| Given records |
#####

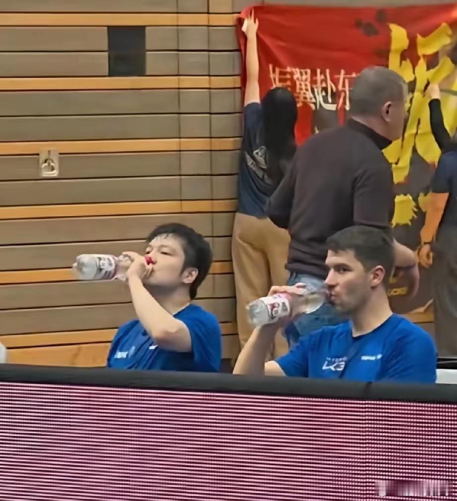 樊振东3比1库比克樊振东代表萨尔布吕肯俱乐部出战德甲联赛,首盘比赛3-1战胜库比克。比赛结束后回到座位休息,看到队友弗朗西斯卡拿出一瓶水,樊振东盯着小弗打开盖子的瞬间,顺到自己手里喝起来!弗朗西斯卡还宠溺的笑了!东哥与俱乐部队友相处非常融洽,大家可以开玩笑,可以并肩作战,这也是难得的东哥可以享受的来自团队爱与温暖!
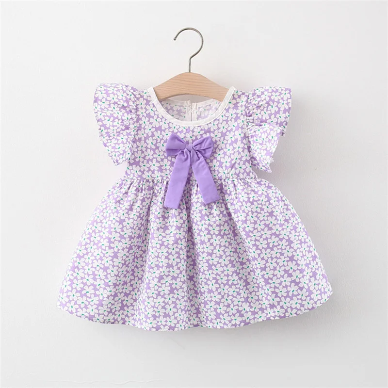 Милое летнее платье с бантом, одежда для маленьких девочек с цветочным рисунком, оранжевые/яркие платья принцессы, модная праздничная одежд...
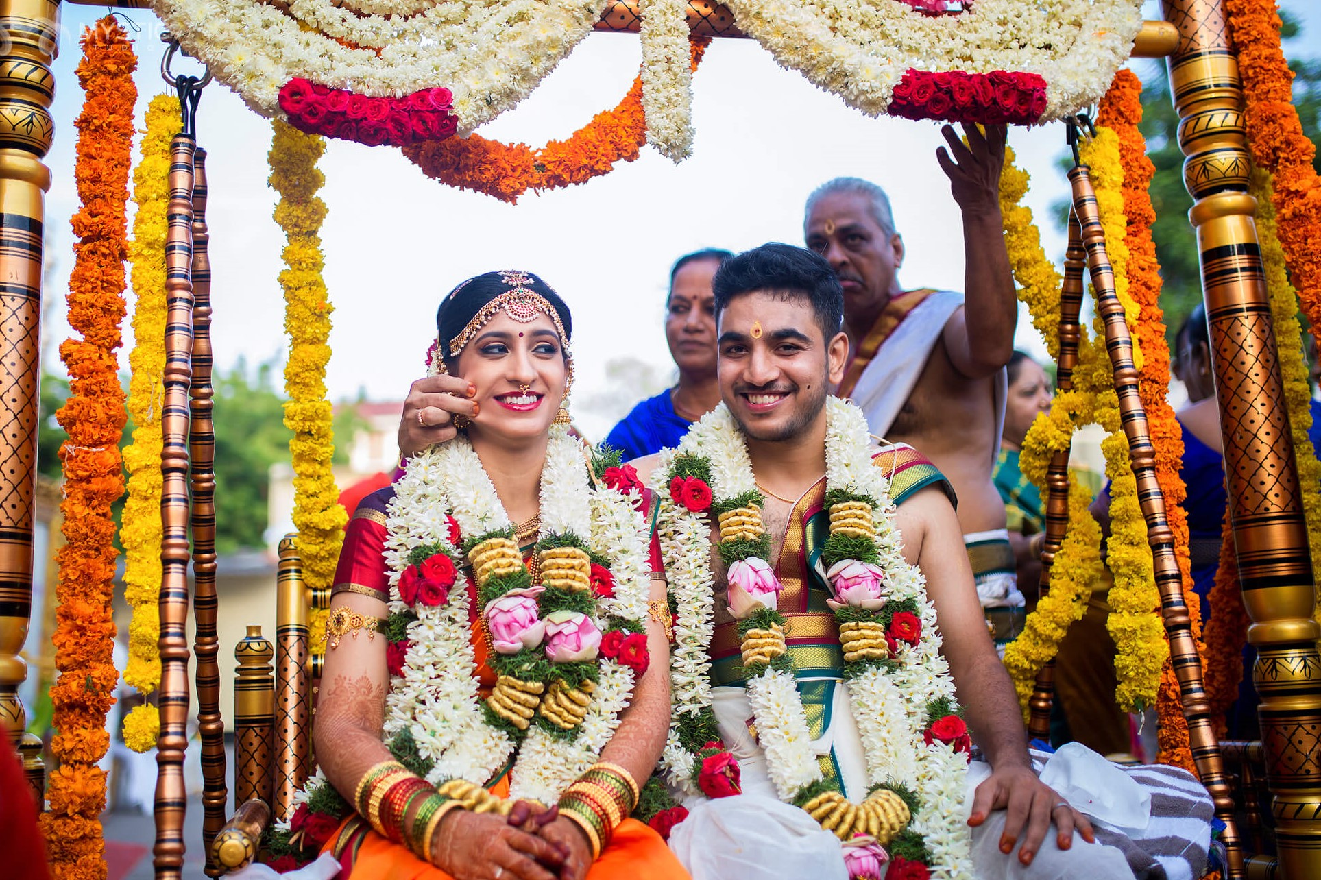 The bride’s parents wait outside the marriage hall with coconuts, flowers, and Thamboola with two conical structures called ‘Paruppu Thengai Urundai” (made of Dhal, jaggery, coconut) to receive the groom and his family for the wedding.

#####

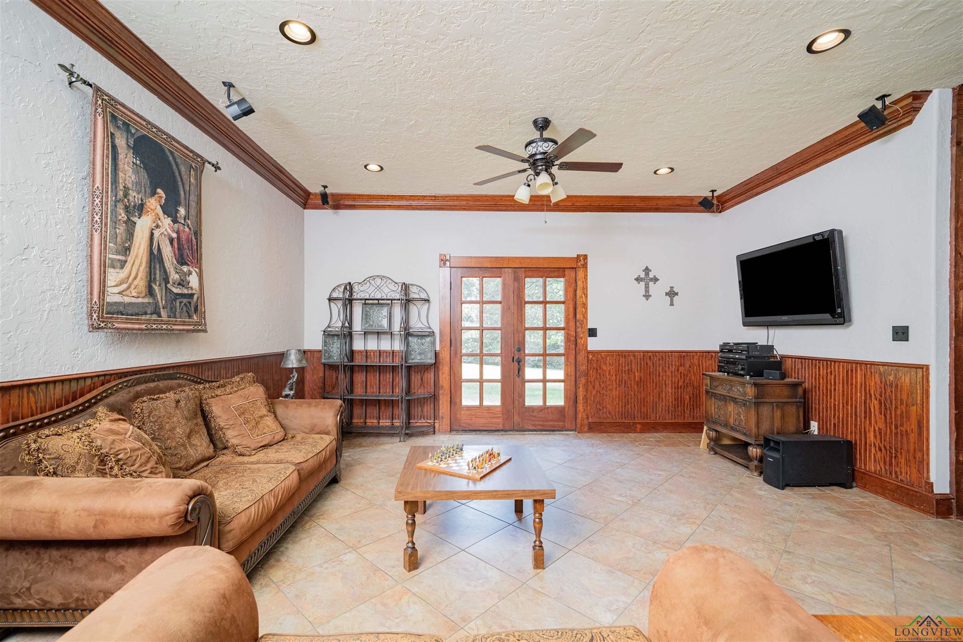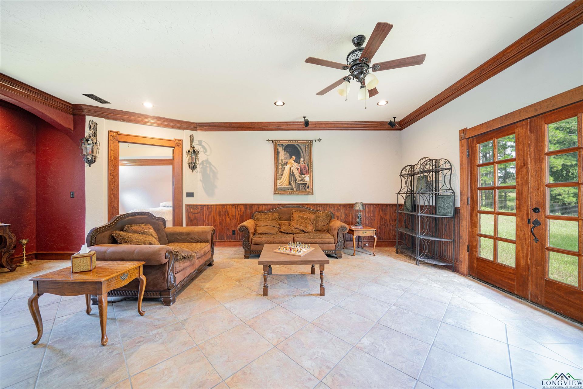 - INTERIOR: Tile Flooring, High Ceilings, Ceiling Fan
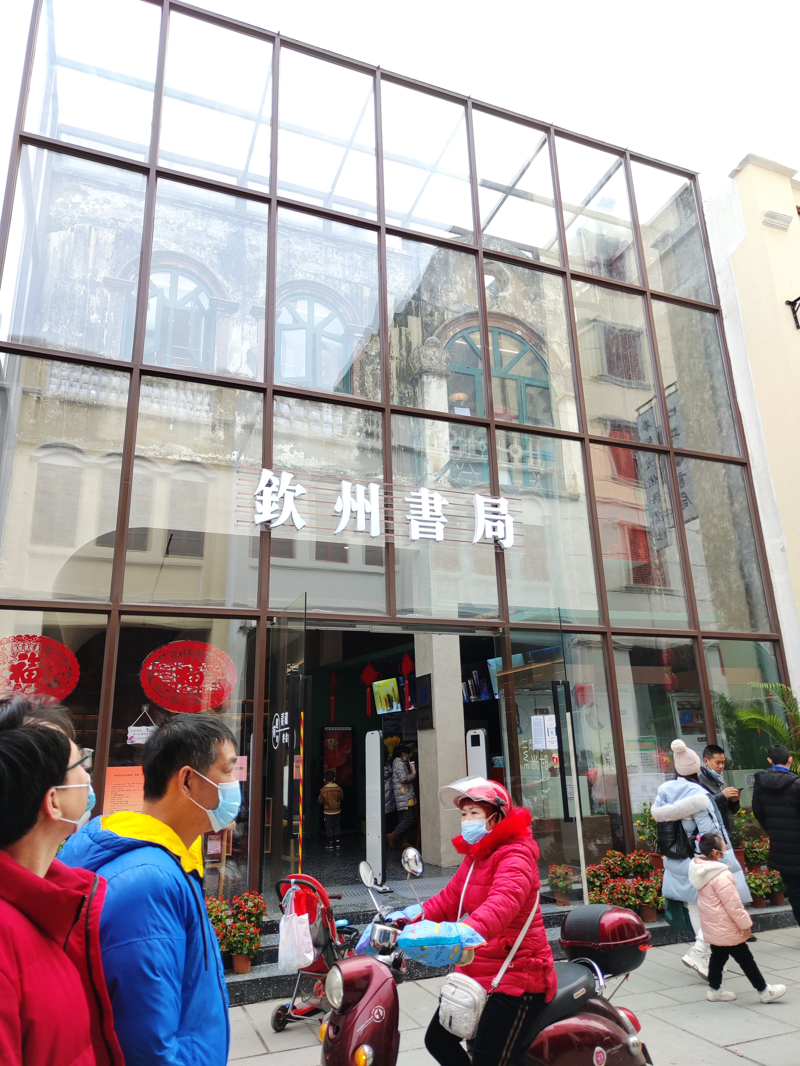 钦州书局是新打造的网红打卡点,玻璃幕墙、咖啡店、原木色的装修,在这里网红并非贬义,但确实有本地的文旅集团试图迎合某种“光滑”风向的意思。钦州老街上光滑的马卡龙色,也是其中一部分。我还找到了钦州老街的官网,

#####

| Exercise requirements |
When copying from the data above, print only the lines from the line containing "樊振东3比1库比克樊振东代表" to the line containing "The bride’s parents", exactly, and leave the pictures out.

| Answer space |
 樊振东3比1库比克樊振东代表萨尔布吕肯俱乐部出战德甲联赛,首盘比赛3-1战胜库比克。比赛结束后回到座位休息,看到队友弗朗西斯卡拿出一瓶水,樊振东盯着小弗打开盖子的瞬间,顺到自己手里喝起来!弗朗西斯卡还宠溺的笑了!东哥与俱乐部队友相处非常融洽,大家可以开玩笑,可以并肩作战,这也是难得的东哥可以享受的来自团队爱与温暖!
 Милое летнее платье с бантом, одежда для маленьких девочек с цветочным рисунком, оранжевые/яркие платья принцессы, модная праздничная одежд...
 The bride’s parents wait outside the marriage hall with coconuts, flowers, and Thamboola with two conical structures called ‘Paruppu Thengai Urundai” (made of Dhal, jaggery, coconut) to receive the groom and his family for the wedding.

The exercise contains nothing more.